In a report by BBC News, researchers of a genomic study said that Excel automatically converts specific gene names into dates. Examples of which are the gene symbols SEPT2 (Septin 2) were found to be altered to "September 2" and "MARCH1" gene becomes "1-Mar". However, Microsoft, which released the first version of the software in 1985, explained that the gene renaming errors can be solved if users make necessary changes in the application settings.

"Excel is able to display data and text in many different ways. Default settings are intended to work in most day-to-day scenarios," a spokeswoman for the corporation told the BBC. "Excel offers a wide range of options, which customers with specific needs can use to change the way their data is represented," she added.

The paper also noticed that this problem has been identified for over a decade, but has remained prevalent over time. The trio, Mark Ziemann, Yotam Eren and Assam El-OstaEmai, of the Baker IDI Heart & Diabetes Institute in Australia studied 35,175 Excel tables linked to 3,597 scientific papers published between the years 2005 and 2015 and discovered errors in "987 supplementary files from 704 published articles."

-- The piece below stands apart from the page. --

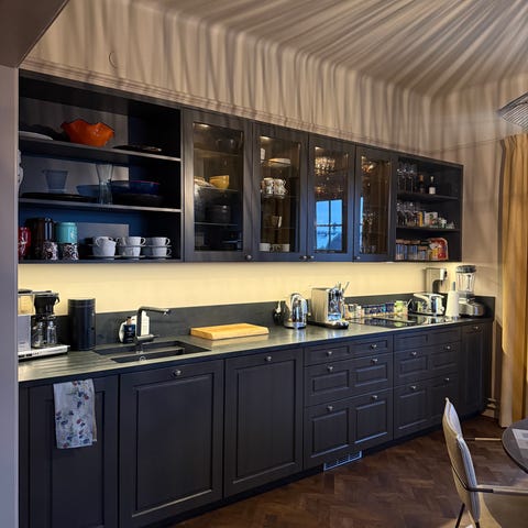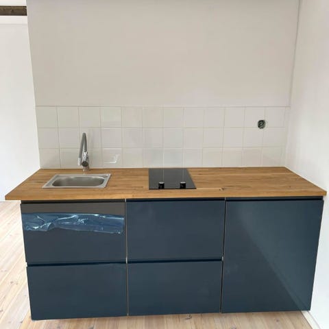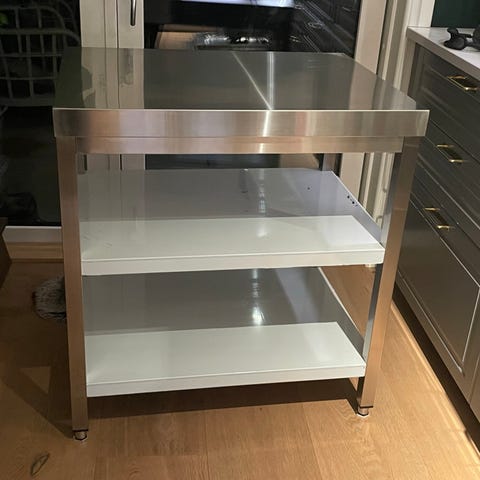 IKEA köksö med gråa skåp och lådor samt svart bänkskiva. Modell Metod. Köksön är utrustad med inbyggt eluttag på sidan för enkel åtkomst. Passar för köksförvaring, extra arbetsyta och ger två stycken sittplatser på ena sidan.

"Of the selected journals, the proportion of published articles with Excel files containing gene lists that are affected by gene name errors is 19.6 per cent."  Another spreadsheet software that had the same conversion problem, according to the researchers was LibreOffice Calc or Apache OpenOffice Calc. However, the systematic error was not present in Google Sheets, mspoweruser.com reported.

Meanwhile, Ewan Birney, director of the European Bioinformatics Institute, does not blame Excel and told the BBC: "What frustrates me is researchers are relying on Excel spreadsheets for clinical trials." The Excel gene renaming issue has been known among the scientific community for more than a decade, Birney added. Theregister.co.uk also reported that Birney recommended the program should only be considered for "lightweight scientific analysis".

Assam El-Osta, one of the paper's three researchers said that the errors were specifically found on the supplemental data sheets of academic studies. He also said that the supplemental pages contained "important supporting data, rich with information," and added that resolving these errors was "time-consuming".

The Baker IDI claimed that the first time the scientific community discovered Excel's automatic renaming of certain genes was in 2004. Since then the problem has "increased at an annual rate of 15%" over the past five years.